## ABOUT THIS EXERCISE
Look below for the line containing "4. In the example"; from there through the line containing "Náramok z drobných", both lines included, please set down each line exactly and nothing else.

## INFORMATION PROVIDED
◆ ◆ ◆ ◆

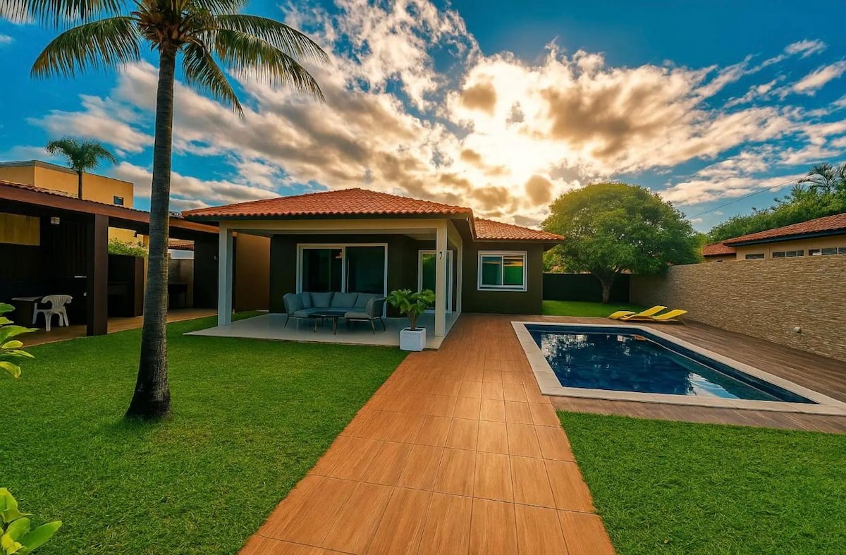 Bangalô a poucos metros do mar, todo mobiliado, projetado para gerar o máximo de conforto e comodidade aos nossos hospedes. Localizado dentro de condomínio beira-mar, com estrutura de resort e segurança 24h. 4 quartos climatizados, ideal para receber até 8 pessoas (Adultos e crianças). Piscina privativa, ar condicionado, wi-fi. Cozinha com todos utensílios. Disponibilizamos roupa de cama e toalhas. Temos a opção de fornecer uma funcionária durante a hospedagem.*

◆ ◆ ◆ ◆

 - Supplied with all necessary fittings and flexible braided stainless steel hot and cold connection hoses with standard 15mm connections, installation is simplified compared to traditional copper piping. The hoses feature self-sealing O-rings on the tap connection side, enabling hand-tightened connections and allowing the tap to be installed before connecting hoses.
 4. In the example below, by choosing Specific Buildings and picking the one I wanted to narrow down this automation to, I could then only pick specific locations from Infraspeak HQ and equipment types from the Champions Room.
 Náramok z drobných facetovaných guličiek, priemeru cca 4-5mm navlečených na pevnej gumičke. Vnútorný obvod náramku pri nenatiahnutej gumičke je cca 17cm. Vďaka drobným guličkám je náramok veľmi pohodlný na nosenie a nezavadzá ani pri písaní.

◆ ◆ ◆ ◆

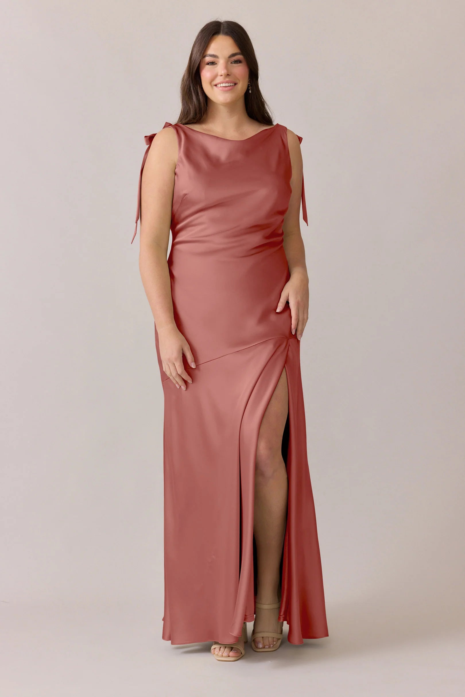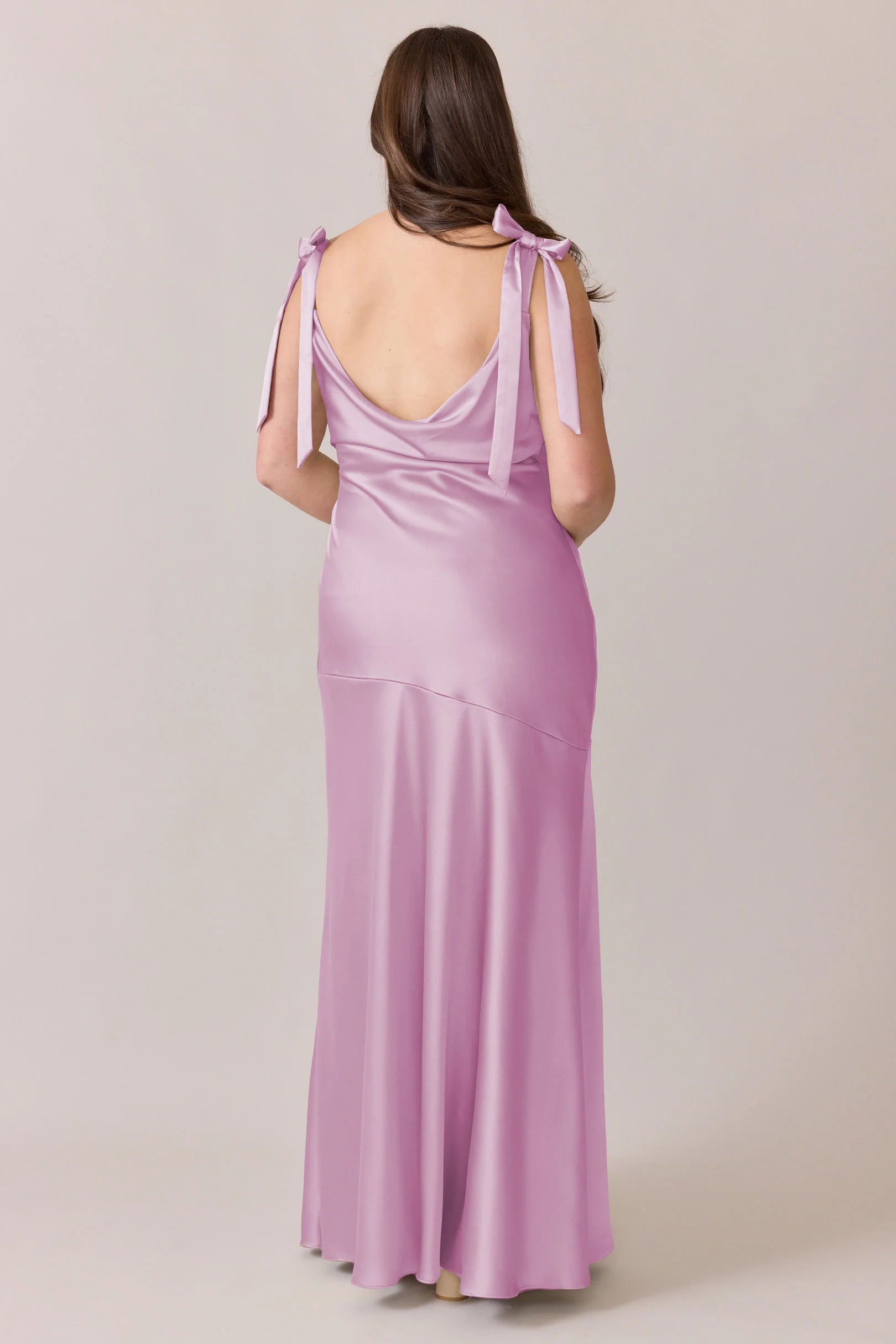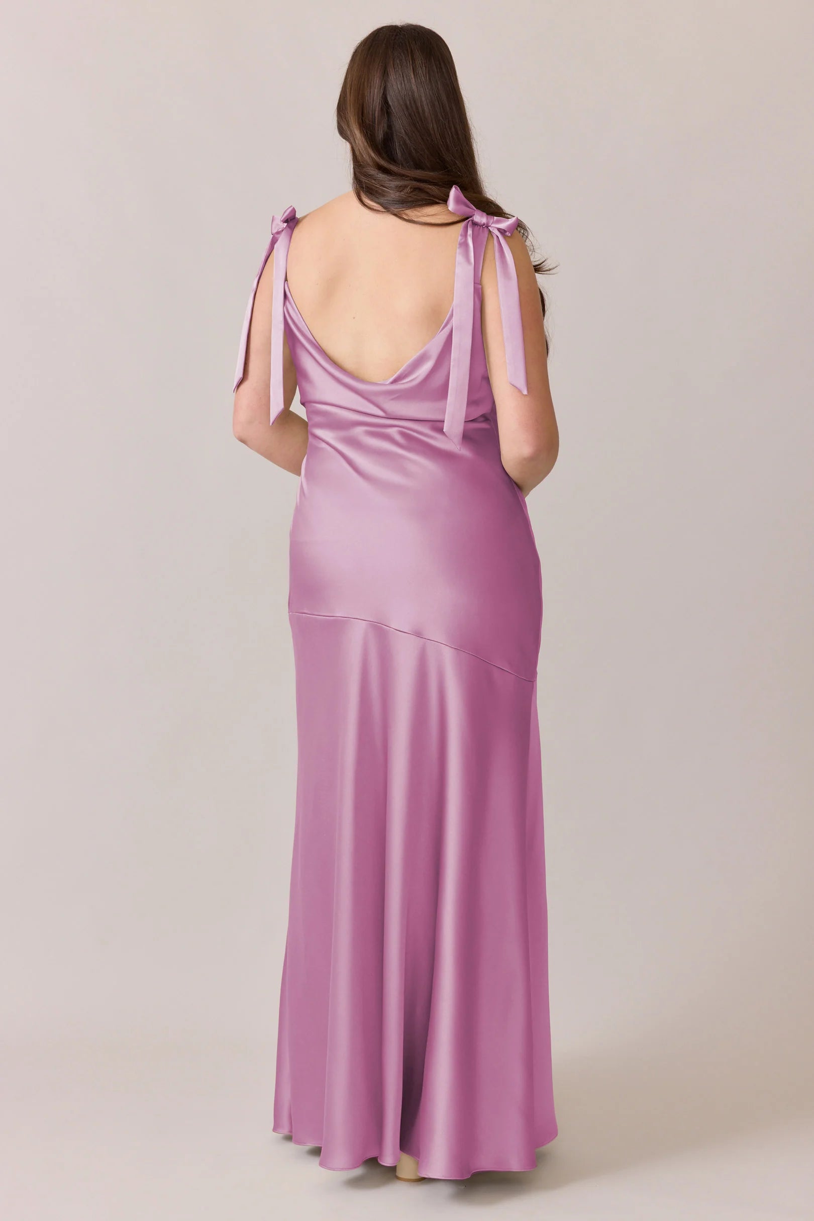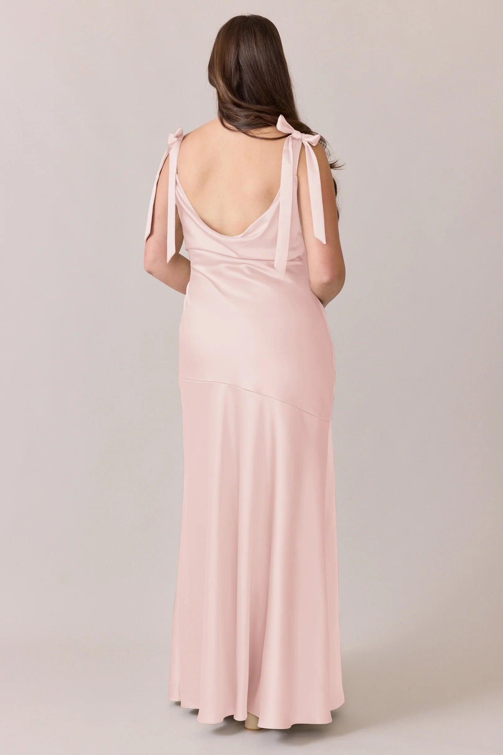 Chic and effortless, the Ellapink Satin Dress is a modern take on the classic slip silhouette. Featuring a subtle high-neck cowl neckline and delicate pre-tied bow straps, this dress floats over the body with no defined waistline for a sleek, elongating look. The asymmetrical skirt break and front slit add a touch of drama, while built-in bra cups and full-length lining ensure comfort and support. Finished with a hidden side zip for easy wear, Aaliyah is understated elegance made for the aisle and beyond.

◆ ◆ ◆ ◆

## RESULT FOR THIS EXERCISE
 4. In the example below, by choosing Specific Buildings and picking the one I wanted to narrow down this automation to, I could then only pick specific locations from Infraspeak HQ and equipment types from the Champions Room.
 Náramok z drobných facetovaných guličiek, priemeru cca 4-5mm navlečených na pevnej gumičke. Vnútorný obvod náramku pri nenatiahnutej gumičke je cca 17cm. Vďaka drobným guličkám je náramok veľmi pohodlný na nosenie a nezavadzá ani pri písaní.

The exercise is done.